What is needed: Copy exactly and only the lines running from the one that contains "12月1日,PP电子游戏平台" to the final line of the data below, without the pictures.

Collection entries

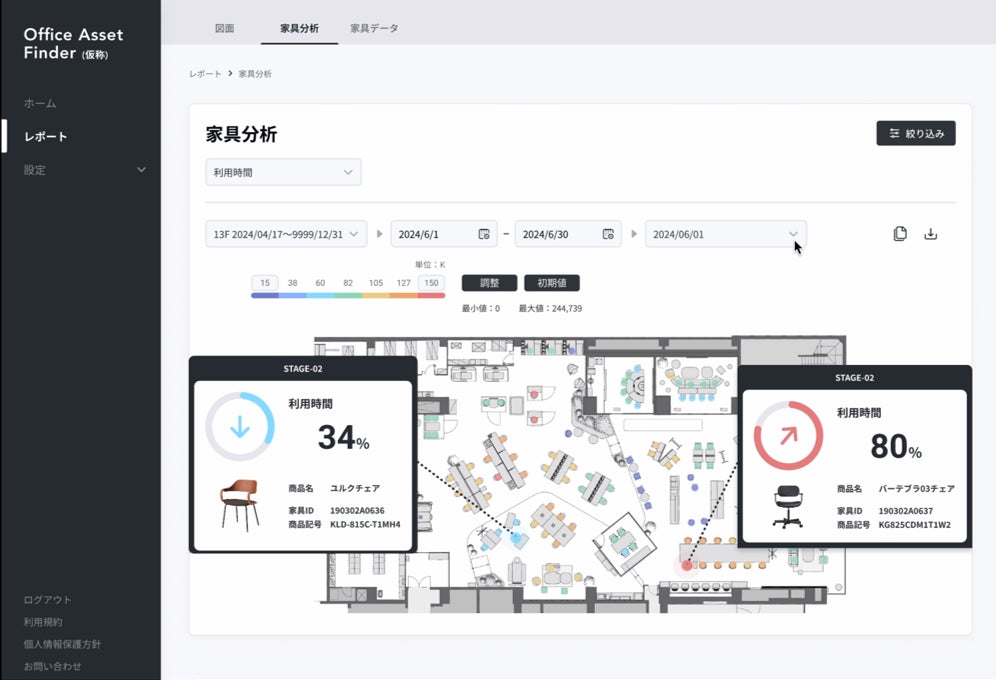 さらに、位置特定技術を活用し、イトーキの持つ製品情報など家具のデータベースと連携させることで家具の所在を迅速に把握できるアプリケーション「Office Asset Finder(仮称)」を開発します。これにより、従来の什器・備品管理やリニューアル計画時に膨大な工数と時間を費やしていた、オフィス家具などのアナログな棚卸作業を大幅に軽減し、高度なアセットマネジメントをサポートする新サービスの実現を目指します。
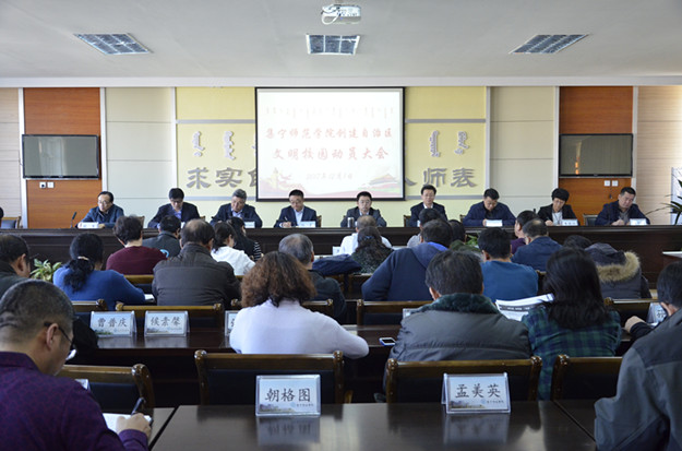 12月1日,PP电子游戏平台网站召开创建自治区文明校园动员大会。PP电子游戏平台网站党委书记刘前贵作动员部署重要讲话,党委副书记、校长朱玉东主持动员大会,并作总结讲话。党委副书记刘春,党委委员、副校长许卫,党委委员、副校长阿拉腾巴特尔,党委委员、组织统战部部长朱俊仙,党委委员、宣传部部长张富,校长助理、继续教育与合作办学处处长刘国栋,校长助理、校长办公室主任欧军出席,全校副处级以上干部以及宣传部、团委、学生处科级干部参加。
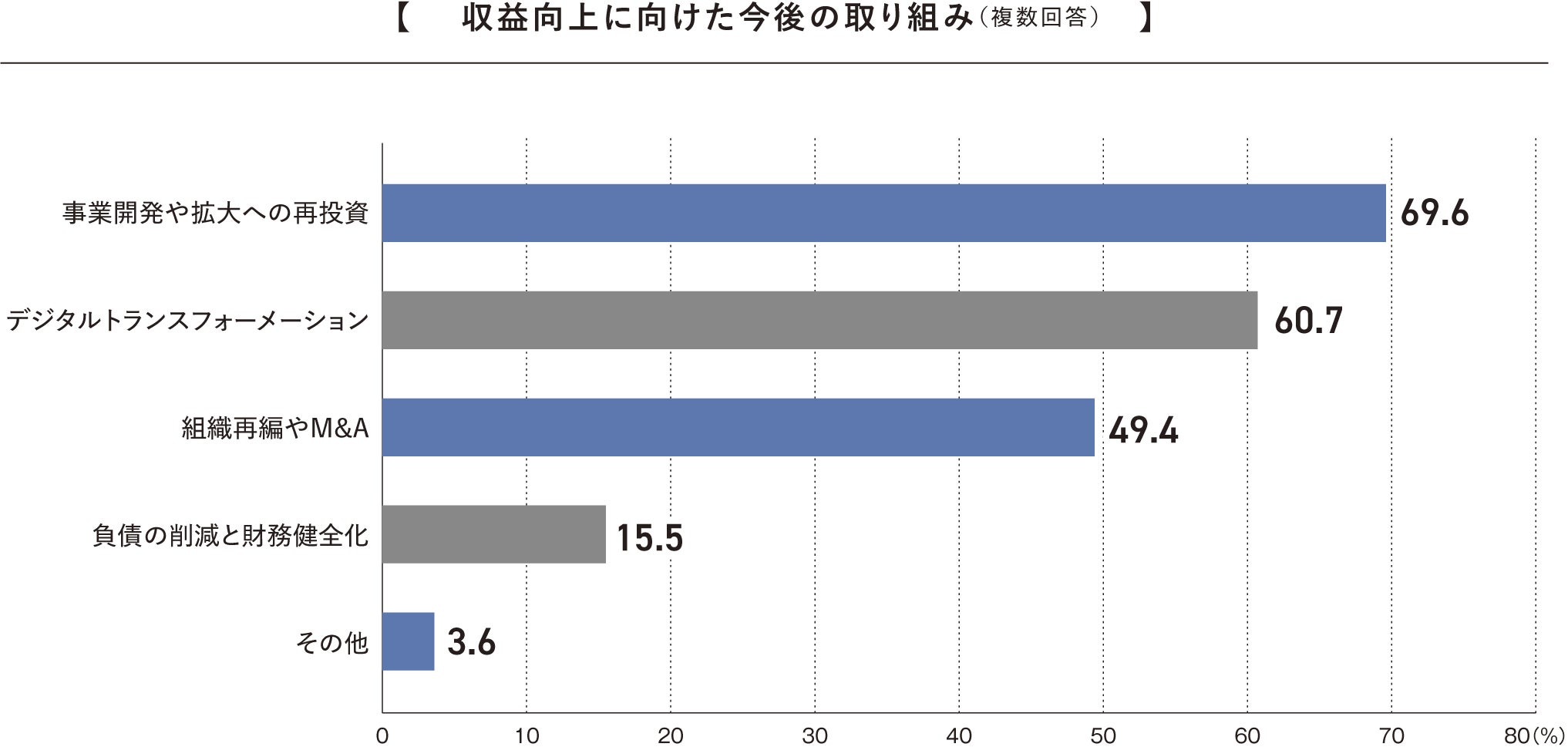 (3)収益向上に向けた今後の取り組みについては、「事業開発や拡大への再投資」が最多、次いで「DX(デジタルトランスフォーメーション)への投資」という結果になりました。
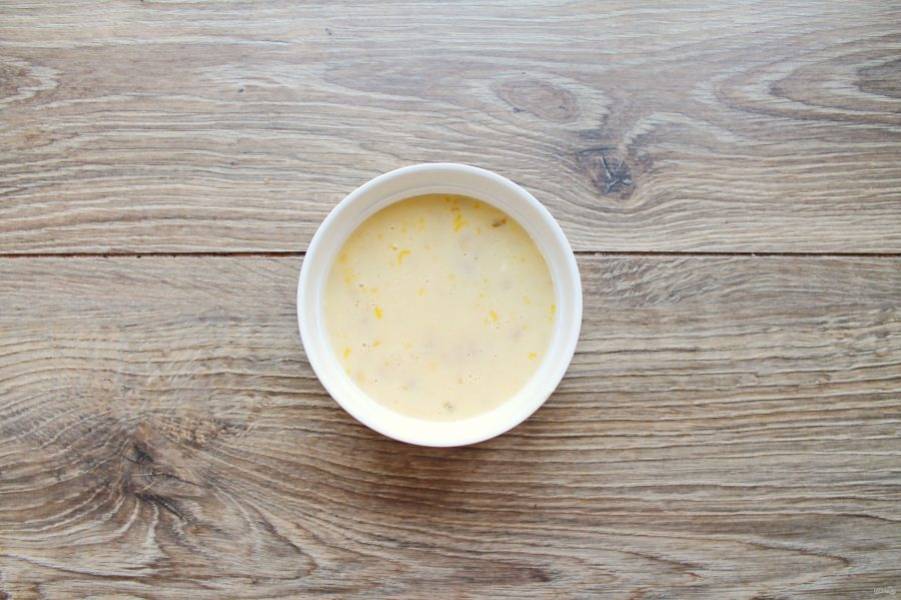 В миску налейте молоко, разбейте яйца, посолите и перемешайте.
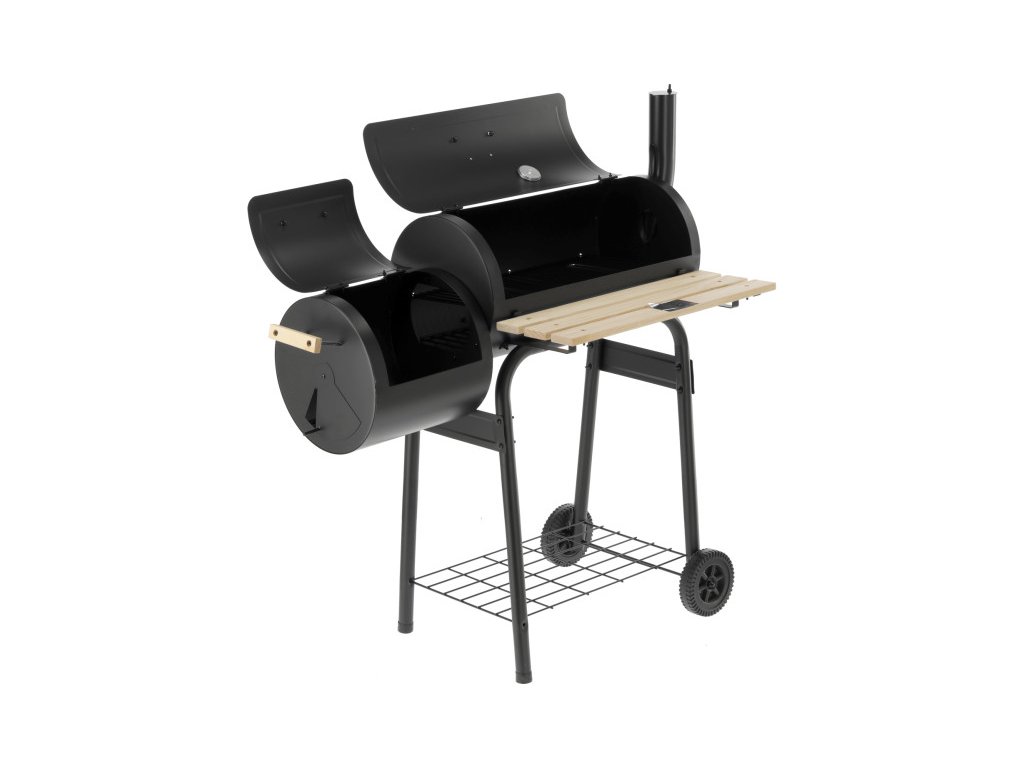 dve komory – hlavná na grilovanie a malá na prípravu a údenie.

Solution to this task:
 12月1日,PP电子游戏平台网站召开创建自治区文明校园动员大会。PP电子游戏平台网站党委书记刘前贵作动员部署重要讲话,党委副书记、校长朱玉东主持动员大会,并作总结讲话。党委副书记刘春,党委委员、副校长许卫,党委委员、副校长阿拉腾巴特尔,党委委员、组织统战部部长朱俊仙,党委委员、宣传部部长张富,校长助理、继续教育与合作办学处处长刘国栋,校长助理、校长办公室主任欧军出席,全校副处级以上干部以及宣传部、团委、学生处科级干部参加。
 (3)収益向上に向けた今後の取り組みについては、「事業開発や拡大への再投資」が最多、次いで「DX(デジタルトランスフォーメーション)への投資」という結果になりました。
 В миску налейте молоко, разбейте яйца, посолите и перемешайте.
 dve komory – hlavná na grilovanie a malá na prípravu a údenie.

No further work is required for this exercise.